### [DATA UNDER STUDY]
● ● ●

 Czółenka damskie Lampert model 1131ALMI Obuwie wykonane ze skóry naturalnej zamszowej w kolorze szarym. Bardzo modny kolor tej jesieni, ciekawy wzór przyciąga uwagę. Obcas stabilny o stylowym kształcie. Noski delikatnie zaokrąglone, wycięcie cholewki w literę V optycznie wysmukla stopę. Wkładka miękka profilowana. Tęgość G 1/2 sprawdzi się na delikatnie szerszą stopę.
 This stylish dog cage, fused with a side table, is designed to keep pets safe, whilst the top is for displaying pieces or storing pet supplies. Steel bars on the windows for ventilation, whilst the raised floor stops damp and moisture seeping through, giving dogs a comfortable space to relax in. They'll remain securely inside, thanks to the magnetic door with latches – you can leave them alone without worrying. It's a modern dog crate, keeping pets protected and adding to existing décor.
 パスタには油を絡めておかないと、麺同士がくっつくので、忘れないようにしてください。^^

● ● ●

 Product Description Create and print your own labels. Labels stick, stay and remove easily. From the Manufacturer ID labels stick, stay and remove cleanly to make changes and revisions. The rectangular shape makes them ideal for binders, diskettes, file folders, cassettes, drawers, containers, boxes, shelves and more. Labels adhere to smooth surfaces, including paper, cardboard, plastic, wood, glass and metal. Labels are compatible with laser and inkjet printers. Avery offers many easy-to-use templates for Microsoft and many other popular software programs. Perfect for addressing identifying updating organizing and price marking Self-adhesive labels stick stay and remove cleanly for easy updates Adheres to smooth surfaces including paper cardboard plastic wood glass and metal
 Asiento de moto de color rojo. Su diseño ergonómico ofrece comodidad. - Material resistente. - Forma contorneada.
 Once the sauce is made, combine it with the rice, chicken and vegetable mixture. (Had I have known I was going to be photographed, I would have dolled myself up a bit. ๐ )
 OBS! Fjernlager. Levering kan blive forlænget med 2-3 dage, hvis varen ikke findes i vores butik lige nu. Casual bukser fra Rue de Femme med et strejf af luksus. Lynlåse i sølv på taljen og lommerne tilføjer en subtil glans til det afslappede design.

● ● ●

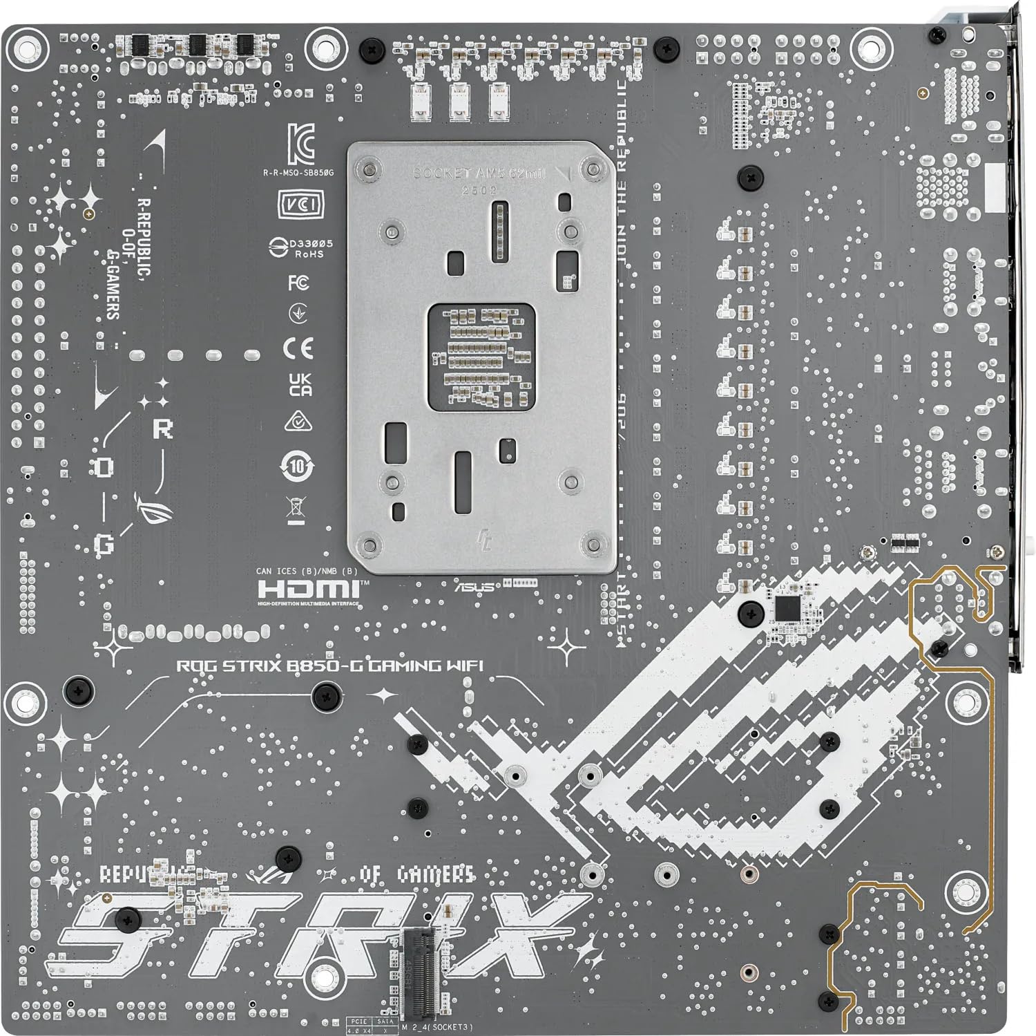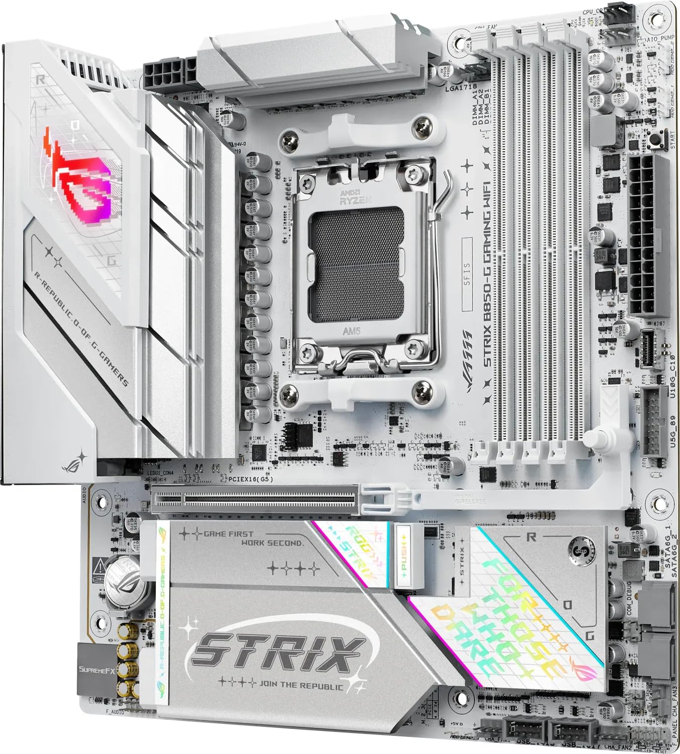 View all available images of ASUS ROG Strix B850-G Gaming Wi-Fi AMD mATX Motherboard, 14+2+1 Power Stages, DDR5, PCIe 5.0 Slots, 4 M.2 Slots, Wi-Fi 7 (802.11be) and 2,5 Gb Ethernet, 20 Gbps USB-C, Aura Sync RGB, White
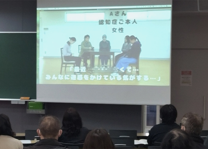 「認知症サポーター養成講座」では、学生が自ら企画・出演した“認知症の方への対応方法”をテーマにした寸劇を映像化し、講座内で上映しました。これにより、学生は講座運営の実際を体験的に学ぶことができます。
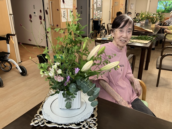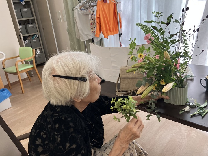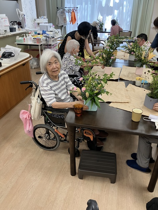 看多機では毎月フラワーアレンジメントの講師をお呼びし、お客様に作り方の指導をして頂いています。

● ● ●

### [ASSIGNMENT]
Give again, exactly as written above, every line from the one holding "View all available" to the one holding "看多機では毎月フラワーアレン", with both ends kept and the pictures left out.

### [ANSWER SPACE]
 View all available images of ASUS ROG Strix B850-G Gaming Wi-Fi AMD mATX Motherboard, 14+2+1 Power Stages, DDR5, PCIe 5.0 Slots, 4 M.2 Slots, Wi-Fi 7 (802.11be) and 2,5 Gb Ethernet, 20 Gbps USB-C, Aura Sync RGB, White
 「認知症サポーター養成講座」では、学生が自ら企画・出演した“認知症の方への対応方法”をテーマにした寸劇を映像化し、講座内で上映しました。これにより、学生は講座運営の実際を体験的に学ぶことができます。
 看多機では毎月フラワーアレンジメントの講師をお呼びし、お客様に作り方の指導をして頂いています。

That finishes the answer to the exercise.